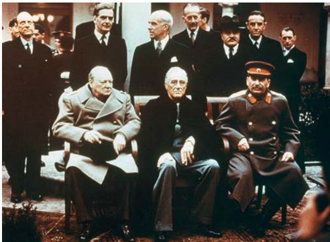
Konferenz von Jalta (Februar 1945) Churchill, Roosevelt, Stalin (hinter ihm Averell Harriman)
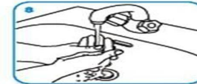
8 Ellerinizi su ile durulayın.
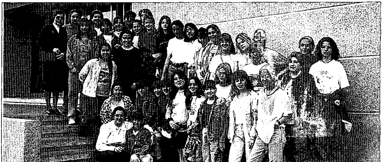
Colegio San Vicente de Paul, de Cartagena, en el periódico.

● ● ●

## WHAT YOU NEED TO DO
Write out, exactly as they appear, the lines from the one containing "8 Ellerinizi su ile durulayın." through the end of the material above, excluding pictures.

## ANSWER SPACE
8 Ellerinizi su ile durulayın.
Colegio San Vicente de Paul, de Cartagena, en el periódico.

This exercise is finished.